◆ **Dataset entries**
————
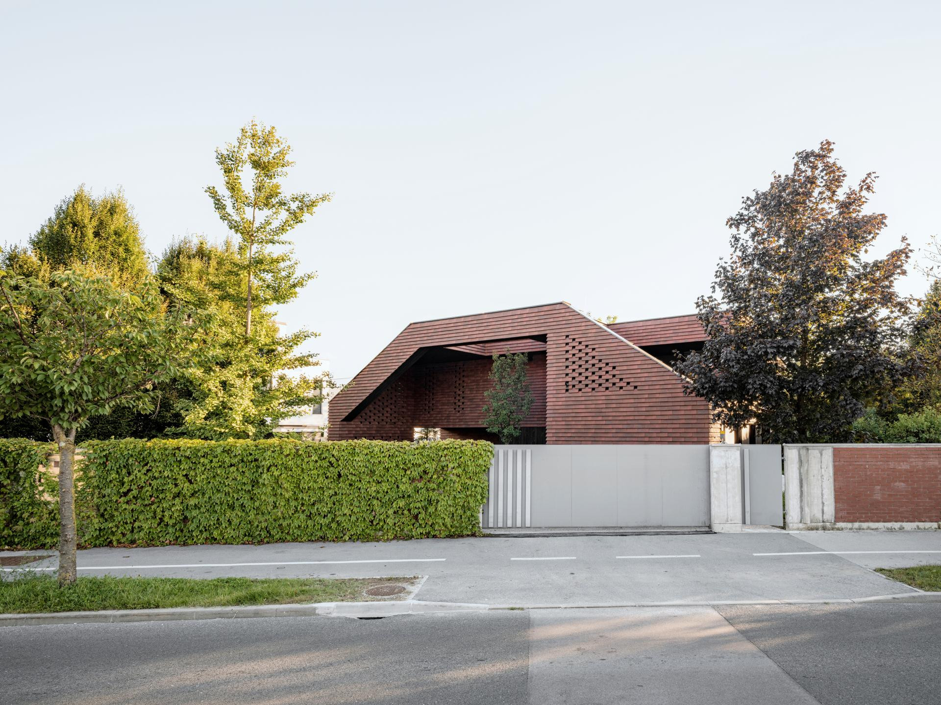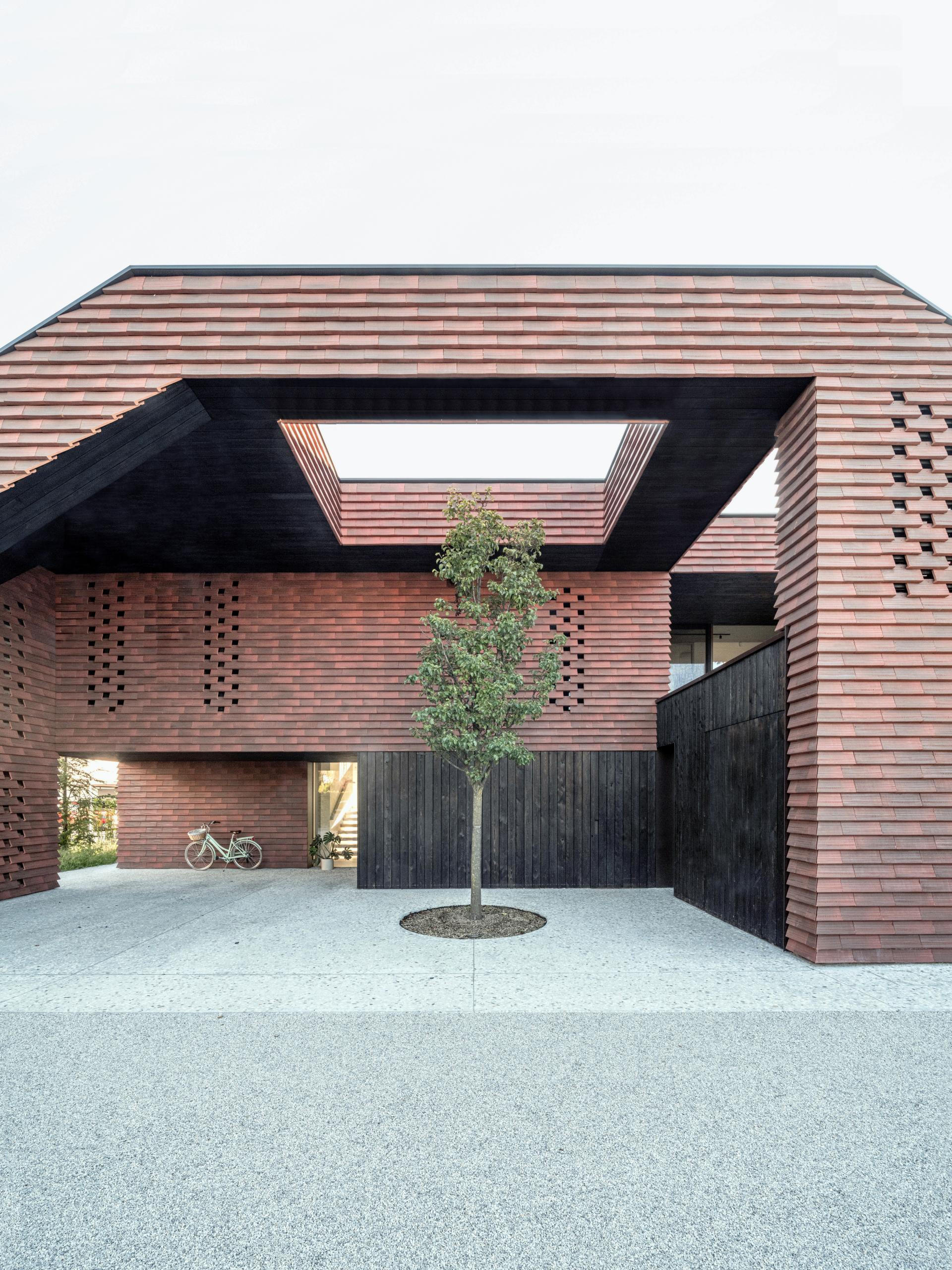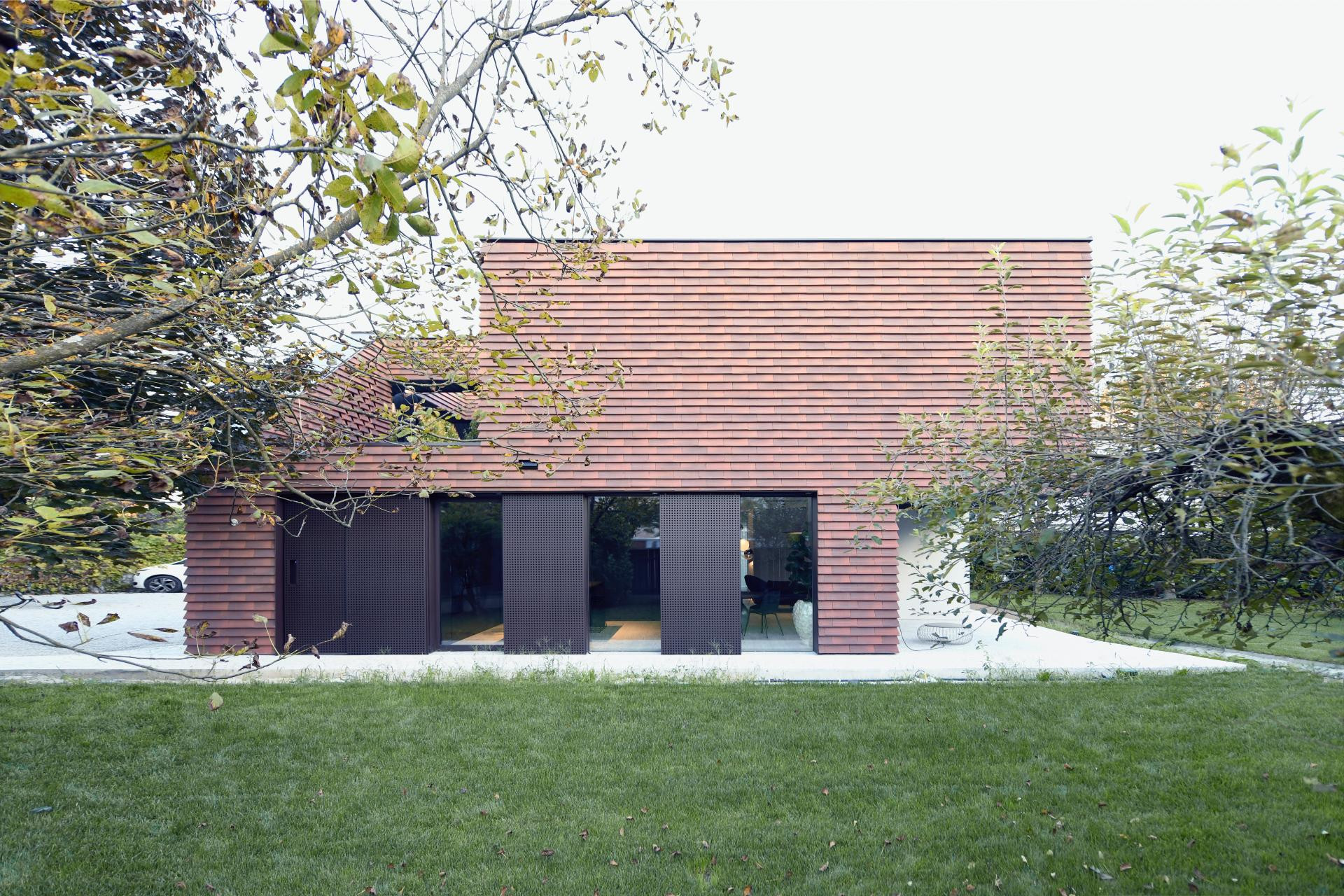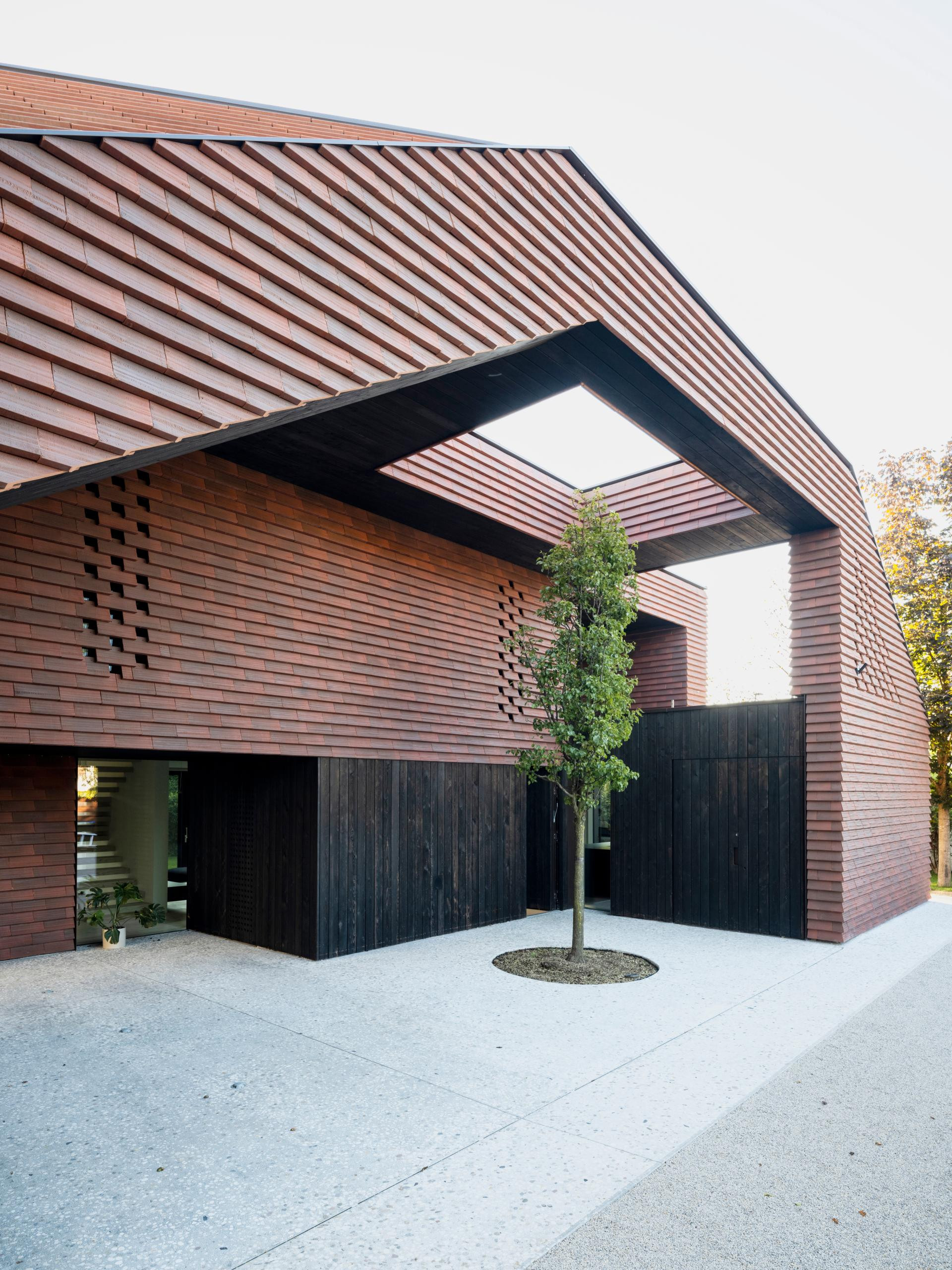 Fasada je obložena crvenim ciglenim pločicama – tradicionalnim materijalom koji se ovdje koristi na potpuno nov način. Umjesto da pokrivaju krov, pločice ovijaju cijelu kuću, stvarajući suvremenu interpretaciju klasične ljubljanske arhitekture.
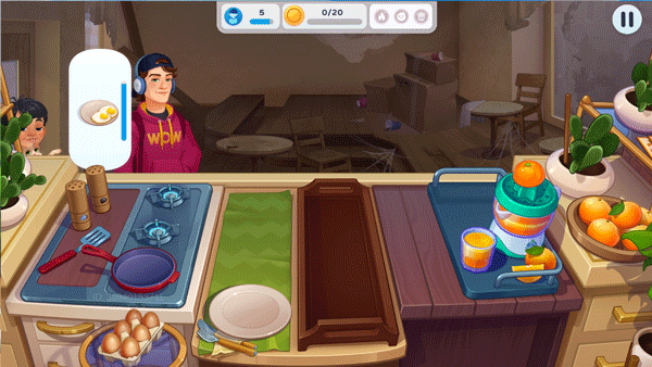 点击屏幕直接进入烹饪世界,快速投入餐厅经营;遇到剧情动画时可以选择跳过,立即开始制作美食;通过简单点击就能完成食材加工,装盘后要及时送到顾客面前;注意观察顾客需求气泡,有人需要饮料时要快速递上橙汁;保持餐品供应速度,避免顾客头顶出现不耐烦的计时器。
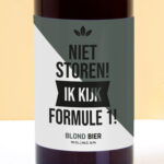 Bierfles met tekst: Niet storen, ik kijk Formule 1
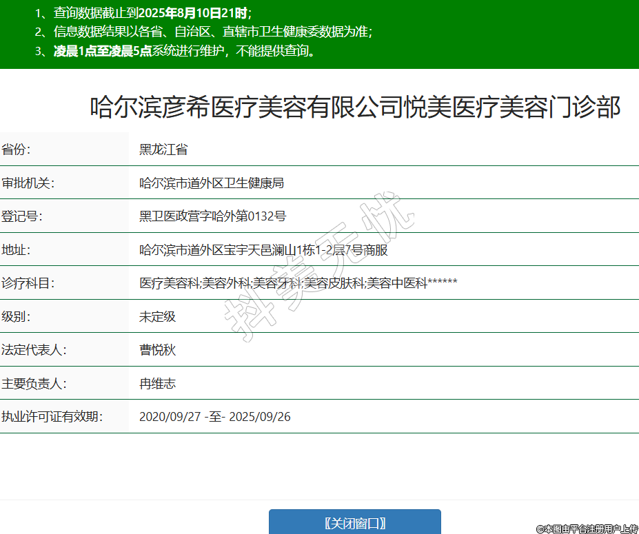 哈爾濱彥希醫(yī)療美容有限公司悅美醫(yī)療美容門診部
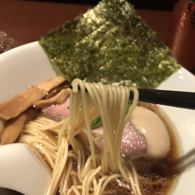 美しく澄んだ清湯スープは、ほんのり煮干しが香る醤油味。カエシは控えめでお出汁の味をしっかりと味わうことができます。
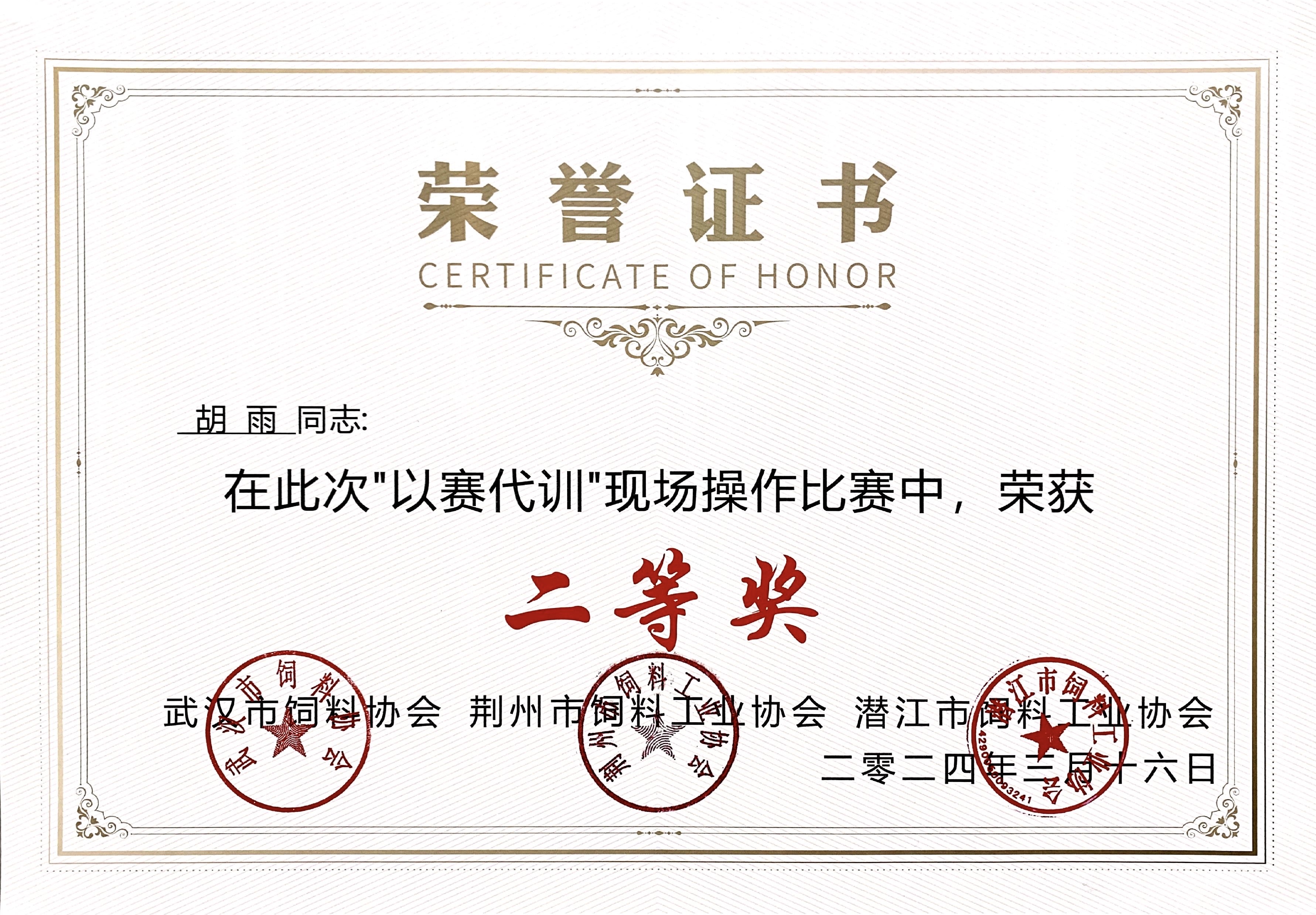 ? ? ??根據(jù)湖北省農(nóng)業(yè)農(nóng)村廳的相關精神,武漢市農(nóng)業(yè)農(nóng)村局積極組織實施,由武漢市飼料協(xié)會主辦的“以賽代訓”專業(yè)技能考試大PK活動圓滿落幕。在這場激烈的競爭中,我司質(zhì)量部胡雨憑借扎實的專業(yè)知識和出色的應變能力,脫穎而出,榮獲比賽“二等獎”,為公司贏得了榮譽,同時也充分展現(xiàn)了個人風采,可喜可賀!大賽由武漢市飼料協(xié)會主辦,荊州市飼料工業(yè)協(xié)會、潛江市飼料工業(yè)協(xié)會承辦。共有40多名選手在比賽中競技爭鋒。
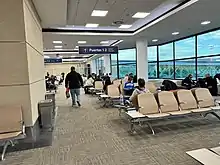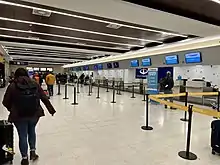 San Carlos de Bariloche Airport (Spanish: Aeropuerto de San Carlos de Bariloche) (IATA: BRC, ICAO: SAZS), also known as Teniente Luis Candelaria Airport,[5] is an international airport serving the city of San Carlos de Bariloche, Río Negro, Argentina. The airport covers an area of 1,810 hectares (4,500 acres; 7.0 sq mi) and has a 12,000-square-metre (130,000 sq ft) terminal; it is located 13 kilometres (8.1 mi) out of the city.[2]
————
◆ **Brief**
Copy exactly the lines from the line containing "点击屏幕直接进入烹饪世界,快" through the last line of the records above, both included, and leave out any pictures.

◆ **Answer to the problem**
 点击屏幕直接进入烹饪世界,快速投入餐厅经营;遇到剧情动画时可以选择跳过,立即开始制作美食;通过简单点击就能完成食材加工,装盘后要及时送到顾客面前;注意观察顾客需求气泡,有人需要饮料时要快速递上橙汁;保持餐品供应速度,避免顾客头顶出现不耐烦的计时器。
 Bierfles met tekst: Niet storen, ik kijk Formule 1
 哈爾濱彥希醫(yī)療美容有限公司悅美醫(yī)療美容門診部
 美しく澄んだ清湯スープは、ほんのり煮干しが香る醤油味。カエシは控えめでお出汁の味をしっかりと味わうことができます。
 ? ? ??根據(jù)湖北省農(nóng)業(yè)農(nóng)村廳的相關精神,武漢市農(nóng)業(yè)農(nóng)村局積極組織實施,由武漢市飼料協(xié)會主辦的“以賽代訓”專業(yè)技能考試大PK活動圓滿落幕。在這場激烈的競爭中,我司質(zhì)量部胡雨憑借扎實的專業(yè)知識和出色的應變能力,脫穎而出,榮獲比賽“二等獎”,為公司贏得了榮譽,同時也充分展現(xiàn)了個人風采,可喜可賀!大賽由武漢市飼料協(xié)會主辦,荊州市飼料工業(yè)協(xié)會、潛江市飼料工業(yè)協(xié)會承辦。共有40多名選手在比賽中競技爭鋒。
 San Carlos de Bariloche Airport (Spanish: Aeropuerto de San Carlos de Bariloche) (IATA: BRC, ICAO: SAZS), also known as Teniente Luis Candelaria Airport,[5] is an international airport serving the city of San Carlos de Bariloche, Río Negro, Argentina. The airport covers an area of 1,810 hectares (4,500 acres; 7.0 sq mi) and has a 12,000-square-metre (130,000 sq ft) terminal; it is located 13 kilometres (8.1 mi) out of the city.[2]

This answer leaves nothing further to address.